Dataset section:
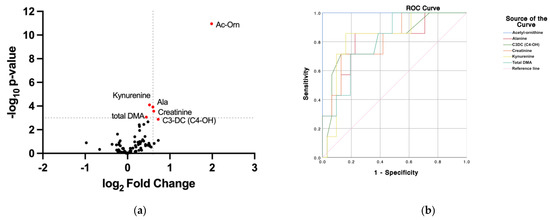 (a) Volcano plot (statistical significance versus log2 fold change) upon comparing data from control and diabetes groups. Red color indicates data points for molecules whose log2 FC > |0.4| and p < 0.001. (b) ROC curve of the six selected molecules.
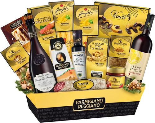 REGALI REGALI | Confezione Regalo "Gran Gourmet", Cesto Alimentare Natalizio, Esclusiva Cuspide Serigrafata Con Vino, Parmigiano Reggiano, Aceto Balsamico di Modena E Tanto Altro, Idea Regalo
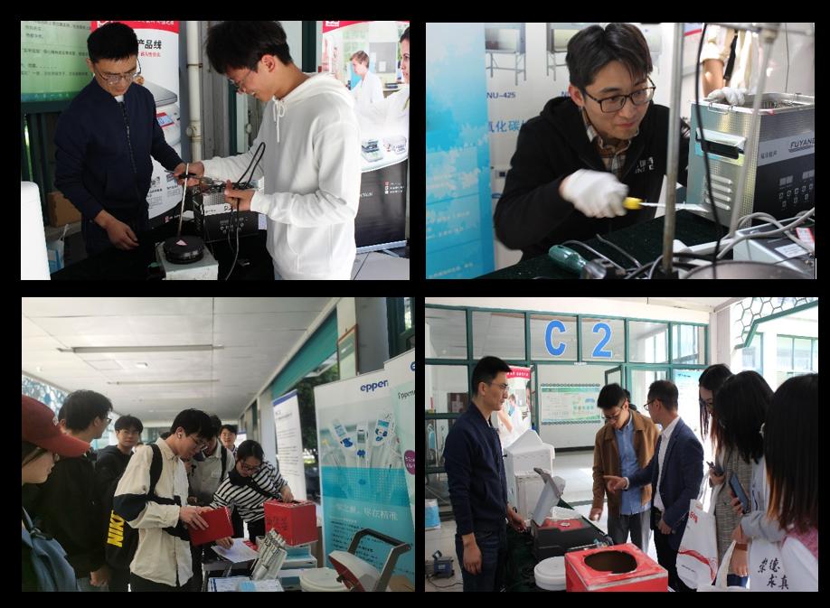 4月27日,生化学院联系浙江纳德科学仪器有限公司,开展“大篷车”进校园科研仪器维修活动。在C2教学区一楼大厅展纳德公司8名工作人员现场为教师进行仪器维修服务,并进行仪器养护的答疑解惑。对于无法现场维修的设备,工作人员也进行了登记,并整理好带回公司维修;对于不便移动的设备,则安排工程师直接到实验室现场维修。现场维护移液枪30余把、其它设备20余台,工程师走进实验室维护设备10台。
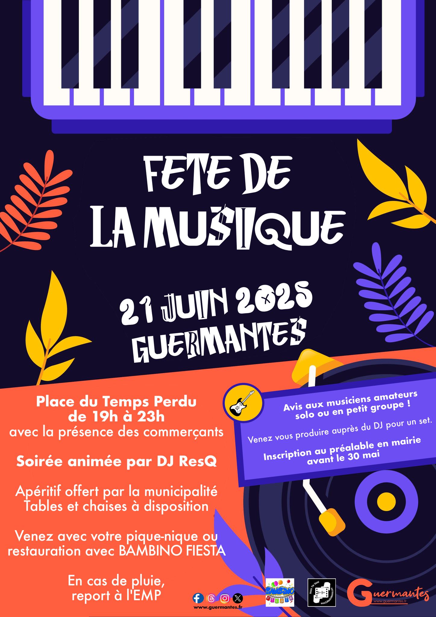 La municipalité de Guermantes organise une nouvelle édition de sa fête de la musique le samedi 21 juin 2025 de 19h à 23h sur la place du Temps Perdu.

Problem requirements: The expected result is the data above in exact form, free of pictures.

Response for this exercise:
 (a) Volcano plot (statistical significance versus log2 fold change) upon comparing data from control and diabetes groups. Red color indicates data points for molecules whose log2 FC > |0.4| and p < 0.001. (b) ROC curve of the six selected molecules.
 REGALI REGALI | Confezione Regalo "Gran Gourmet", Cesto Alimentare Natalizio, Esclusiva Cuspide Serigrafata Con Vino, Parmigiano Reggiano, Aceto Balsamico di Modena E Tanto Altro, Idea Regalo
 4月27日,生化学院联系浙江纳德科学仪器有限公司,开展“大篷车”进校园科研仪器维修活动。在C2教学区一楼大厅展纳德公司8名工作人员现场为教师进行仪器维修服务,并进行仪器养护的答疑解惑。对于无法现场维修的设备,工作人员也进行了登记,并整理好带回公司维修;对于不便移动的设备,则安排工程师直接到实验室现场维修。现场维护移液枪30余把、其它设备20余台,工程师走进实验室维护设备10台。
 La municipalité de Guermantes organise une nouvelle édition de sa fête de la musique le samedi 21 juin 2025 de 19h à 23h sur la place du Temps Perdu.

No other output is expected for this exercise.